Чем раньше она улетит, тем лучше. Он бы советовал сейчас же ее развязать и выпустить. Вчера вечером он поймал молоденькую голубочку. Носик — зернышко, веслокрылая, как и Страшной, в чулочках, вся черная, а грудь и плечи в белой косынке, и хвост белый. Мастью, как говорится, Цыганка. Он готов подарить мне Цыганку. Держать Чубарую — пустые хлопоты. Ее надо выкинуть, а Цыганку спаривать со Страшным.
Я согласился. В груди у меня отворилась тоскливая пустота, когда я схватил Чубарую в картошке, освободил от связок и зашвырнул в небо.

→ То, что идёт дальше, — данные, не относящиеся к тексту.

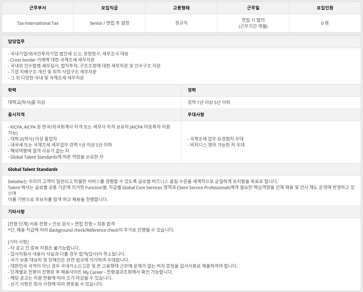 Á¢¼ö±â°£ 2026-04-23 00:00 ~ 2026-05-22 16:00 ±Þ¿©Á¶°Ç ȸ»ç ³»±Ô¿¡ µû¸§ ¸ðÁýºÎ¹® ÀÏ¹Ý ±Ù¹«Áö¿ª ¼­¿ï ¿©Àǵµ ÀüÇü´Ü°è ¼­·ù ÀüÇü ´ÙÀ½ÀüÇü ¸éÁ¢ ÀüÇü ´ÙÀ½ÀüÇü Àμº °Ë»ç ´ÙÀ½ÀüÇü ÃÖÁ¾ ÇÕ°Ý ´ÙÀ½ÀüÇü ÃÖÁ¾ ½ÂÀÎ ±Ù¹«ºÎ¼­ ¸ðÁýÁ÷±Þ °í¿ëÇüÅ ±Ù¹«ÀÏ ¸ðÁýÀοø Tax-International Tax Senior / ¸éÁ¢ ÈÄ °áÁ¤ Á¤±ÔÁ÷ ¸éÁ¢ ½Ã ÇùÀÇ (±Ù¹«±â°£ °³¿ù) 0 ¸í ´ã´ç¾÷¹« - ±¹³»±â¾÷/¿Ü±¹ÀÎÅõÀÚ±â¾÷ ¹ýÀμ¼ ½Å°í, °æÁ¤Ã»±¸, ¼¼¹«Á¶»ç ´ëÀÀ - Cross border °Å·¡¿¡ ´ëÇÑ ±¹Á¦Á¶¼¼ ¼¼¹«ÀÚ¹® - ±¹³»¿Ü ÀμöÇÕº´ ¼¼¹«½Ç»ç, ÇÕÀÛÅõÀÚ, ±¸Á¶Á¶Á¤¿¡ ´ëÇÑ ¼¼¹«ÀÚ¹® ¹× Àμö±¸Á¶ ÀÚ¹® - ±â¾÷ Áö¹è±¸Á¶ °³¼± ¹× ÃÖÀû »ç¾÷±¸Á¶ ¼¼¹«ÀÚ¹® - ±× ¿Ü ´Ù¾çÇÑ ±¹³» ¹× ±¹Á¦Á¶¼¼ ¼¼¹«ÀÚ¹® Çз °æ·Â ´ëÇб³(Çлç)Á¹ ÀÌ»ó °æ·Â 1³â ÀÌ»ó 5³â ÀÌÇÏ ÀÀ½ÃÀÚ°Ý ¿ì´ë»çÇ× - KICPA, AICPA µî Çѱ¹/¿Ü±¹È¸°è»ç ÀÚ°Ý ¶Ç´Â ¼¼¹«»ç ÀÚ°Ý º¸À¯ÀÚ (AICPA ¹Ìµî·ÏÀÚ Áö¿ø °¡´É) - ´ëÇб³(Çлç) ÀÌ»ó Á¹¾÷ÀÚ - ³»±¹¼¼ ¶Ç´Â ±¹Á¦Á¶¼¼ ¼¼¹«¾÷¹« °æ·Â 1³â ÀÌ»ó 5³â ÀÌÇÏ - ÇØ¿Ü¿©Çà¿¡ °á°Ý »çÀ¯°¡ ¾ø´Â ÀÚ - Global Talent Standards¿¡ µû¸¥ ¿ª·®À» º¸À¯ÇÑ ÀÚ - ±¹Á¦Á¶¼¼ ¾÷¹« À¯°æÇèÀÚ ¿ì´ë - ºñÁö´Ï½º ¿µ¾î °¡´ÉÇÑ ÀÚ ¿ì´ë Global Talent Standards Deloitte´Â ¿ì¸®ÀÇ °í°´ÀÌ ÀϰüµÇ°í Ź¿ùÇÑ ¼­ºñ½º¸¦ °æÇèÇÒ ¼ö ÀÖµµ·Ï ±Û·Î¹ú ºñÁî´Ï½º ǰÁú ¼öÁØÀ» ¼¼°èÀûÀ¸·Î ±ÕÀÏÇÏ°Ô À¯ÁöÇÔÀ» ¸ñÇ¥·Î ÇÕ´Ï´Ù. Talent ¿¡¼­´Â ±Û·Î¹ú °øÅë ±âÁØ¿¡ ÀǰÅÇÑ Functionº°, Á÷±Þº° Global Core Services ¿µ¿ª°ú Client Service Professionals¿¡°Ô ÇÊ¿äÇÑ Çٽɿª·®À» ÀÎÀç ä¿ë ¹× Àλç Á¦µµ ¿î¿µ¿¡ ¹Ý¿µÇϰí ÀÖÀ¸¸ç À̸¦ ±â¹ÝÀ¸·Î Èĺ¸ÀÚ¸¦ Ž»ö Çϰí ä¿ëÀ» ÁøÇàÇÕ´Ï´Ù. ±âŸ»çÇ× [ÀüÇü ´Ü°è] ¼­·ù ÀüÇü > Àμº °Ë»ç > ¸éÁ¢ ÀüÇü > ÃÖÁ¾ ÇÕ°Ý *´Ü, ä¿ë Á÷±Þ¿¡ µû¶ó Background check/Reference checkÀÌ Ãß°¡·Î ÁøÇàµÉ ¼ö ÀÖ½À´Ï´Ù. [±âŸ »çÇ×] - Ÿ °ø°í °£ Áߺ¹ Áö¿øÀº ºÒ°¡´ÉÇÕ´Ï´Ù. - ÀÔ»çÁö¿ø¼­ ³»¿ëÀÌ »ç½Ç°ú ´Ù¸¦ °æ¿ì ÇÕ°Ý(ÀÔ»ç)ÀÌ Ãë¼ÒµË´Ï´Ù. - ±¹°¡ º¸ÈÆ ´ë»óÀÚ ¹× Àå¾ÖÀÎÀº °ü·Ã ¹ý±Ô¿¡ ÀǰÅÇÏ¿© ¿ì´ëÇÕ´Ï´Ù. - ´ëÇѹα¹ ±¹ÀûÀÌ ¾Æ´Ñ °æ¿ì ±¹³»°Å¼Ò½Å°íÁõ ¹× º» °í¿ëÇüÅ ±Ù¹«¿¡ ¹®Á¦°¡ ¾ø´Â ºñÀÚ ÁõºùÀ» ÀԻ缭·ù·Î Á¦ÃâÇÏ¿©¾ß ÇÕ´Ï´Ù. - ´Ü°èº°·Î ÀüÇüÀÌ ÁøÇàµÈ ÈÄ Ã¤¿ë»çÀÌÆ® My Career - ÀüÇü°á°úÁ¶È¸¿¡¼­ È®ÀÎ °¡´ÉÇÕ´Ï´Ù. - ÇØ´ç °ø°í´Â Áö¿ø ÇöȲ¿¡ µû¶ó Á¶±â ¸¶°¨µÉ ¼ö ÀÖ½À´Ï´Ù. - »ó±â »çÇ×Àº ȸ»ç »çÁ¤¿¡ µû¶ó º¯µ¿µÉ ¼ö ÀÖ½À´Ï´Ù.

Чубарая, немного покружив над участком, улетела в Магнитную.
Петька ушел на конный двор.
Петька был безобманным голубятником. Если о чем-нибудь условился, то не нарушит договора. Хотя он куда-то надолго запропал и хотя, по уверениям Саши, уговорил меня выпустить Чубарую не для того, чтобы нанести урон голубятне, возникающей по соседству с ним, я надеялся — Петька не падёт до вероломства.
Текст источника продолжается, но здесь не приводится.